Friammers,
Jim Girard and I have been having a conversation about the period between the
bent curve and the vaccine. His responses have been fascinating, but in some
particulars, are more technical than this old rejected English major can parse.
I therefore wanted you all to get the benefit of them and, perhaps, explain
them to me. Jim gave me permission to forward the correspondence to you.

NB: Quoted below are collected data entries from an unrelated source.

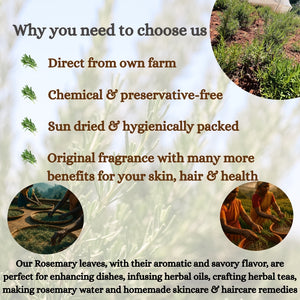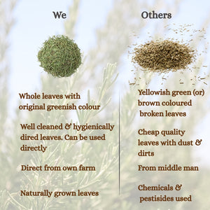 Introducing yaara's farm fresh rosemary leaves, straight from nature to your kitchen. This aromatic leaves are handpicked from our own farms of Nilgiris, ensuring the highest quality and freshness. Experience the difference of farm fresh rosemary leaves and elevate your cooking and body to new heights.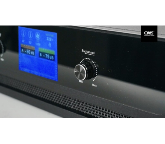Amplifier MA800 class H công suất 800W x 2 kênh. Nổi bật là bàn hình 4 inch đa sắc màu hiển thị cực kỳ sắc nét các thông số của thiết bị. Thiết kế bên ngoài của CAVS MA800 có một nét mạnh mẽ hơn rõ ràng so với phiên bản trước đó. Đặc điểm đáng chú ý nhất của CAVS MA800 là màn hình hiển thị ở chính giữa. Với màn hình nhỏ ở giữa, CAVS MA800 hiển thị đầy đủ mức âm lượng và nhiệt độ bên trong của máy là bao nhiêu, làm cho người sử dụng dễ dàng nhìn rõ và thao tác một cách chính xác và nhanh chóng hơn, trong nhiều điều kiện phải nhìn xa hay thao tác liên tục thì vẫn hạn chế được việc, bị nhìn nhầm so với các màn hình có kích thước nhỏ hơn.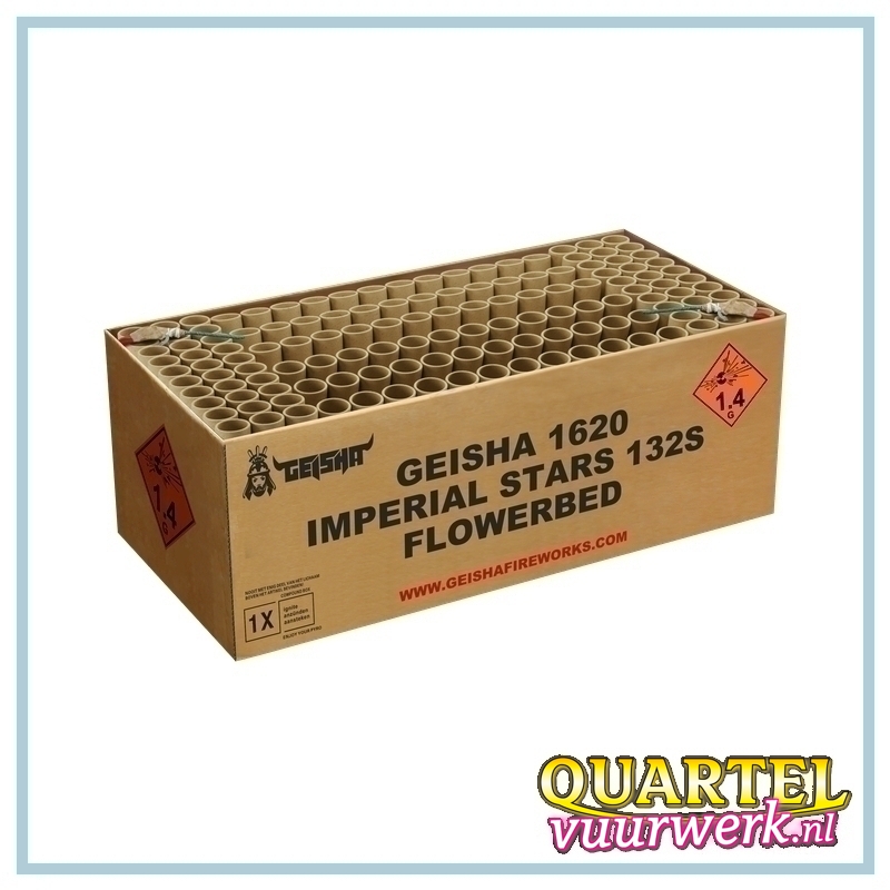 De MANIA Imperial stars flowerbed 132.s compound heeft een klasse van CAT 2 en is 1,4 G met een brandtijd van 50 seconden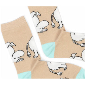 Adorable socks with a happy Moomintroll. Size: One size fits most UK 3-8 / EU 36-42. Material: 75% Cotton, 23% Polyester, 2% Elastane. Machine wash at 40°C.

So right now I have contact with 5 other people, my “pod”. (Think whales) I
walk a mile or so a day in the neighborhood, designating one “clean” hand (for
adjusting my glasses, etc.) and one “dirty” hand for touching anything outside
my own person, on those rare occasions that I have to. I scrub both hands when
I get back. I go once to the store a week (at most). I put on a parka, hood,
glasses, face mask, wear gloves, and I carry alcohol with me for rubbing down
any surface I touch and sterilizing the gloves afterwards. I back off from any
encounter with a human being closer from 6 feet. Assume that all members of my
pod follow these same rules. Which of these rules do you see us relaxing after
the bent curve?
I went to the SouthWest airlines website to see what comfort they might offer
me for flying back to MA for the summer. Lots of talk of bottles of purel on
every counter and in every waiting area. Apparently, some procedures have been
altered concerning the verification of documents at check in to minimize actual
exchange of physical objects. No snack service. They make a big deal about
how they hose down the airplanes every night, but there is no attempt to screen
passengers either at checkin or at boarding. Is this sufficient? Are flight
attendants getting sick? Does anybody know?

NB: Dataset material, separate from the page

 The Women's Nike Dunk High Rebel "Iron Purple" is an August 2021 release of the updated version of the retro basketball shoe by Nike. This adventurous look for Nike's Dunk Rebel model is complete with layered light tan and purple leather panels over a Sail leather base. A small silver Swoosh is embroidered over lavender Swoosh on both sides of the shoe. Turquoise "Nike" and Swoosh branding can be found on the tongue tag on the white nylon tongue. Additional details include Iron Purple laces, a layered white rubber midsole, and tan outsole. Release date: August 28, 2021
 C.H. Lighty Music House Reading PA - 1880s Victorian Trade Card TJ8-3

Any way. Sorry to run on. Look at what Jim has to say, and help me to
understand it.
NIck
Nicholas Thompson
Emeritus Professor of Ethology and Psychology
Clark University
<mailto:[email protected]> [email protected]

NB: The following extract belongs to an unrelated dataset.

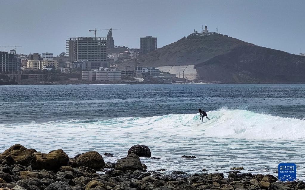 5月14日,一名沖浪愛(ài)好者在塞內加爾首都達喀爾的海邊沖浪。

<https://wordpress.clarku.edu/nthompson/>
https://wordpress.clarku.edu/nthompson/
From: [email protected] <[email protected]>
Sent: Wednesday, April 8, 2020 1:44 PM
To: [email protected]
Subject: RE: Fwd: [NICAR-L] AP/Johns Hopkins COVID-19 data
Nick,
Can't find the harvard study now, it was brought up at Friam 2(?) weeks ago.
The upshot I think was more than just avoiding overloading the medical system -
it was amplifying herd immunity via quite selective quarantining/distancing and
reducing the overall number of cases, not just spreading them out.
Consider: Let's say we develop an antibody test that is widely available. And
we determine the contagion is dependent on asymptomatic carriers, and we can
roughtly guess based on priors (age, health, etc.). A selective drawdown and
reimposal of restrictions at different times & places could effectively amplify
the herd immunity such that the R-effective for the virus is below 1, so it
dies out and total cases over time is reduced. I'm not even sure the antibody
test is necessary.
Separately, thinking about it more, the prior system I described would result
in a true sin/cosine wave. There is the added effect of the delay between the
forcing function (quarantining/distancing) and the resulting cases.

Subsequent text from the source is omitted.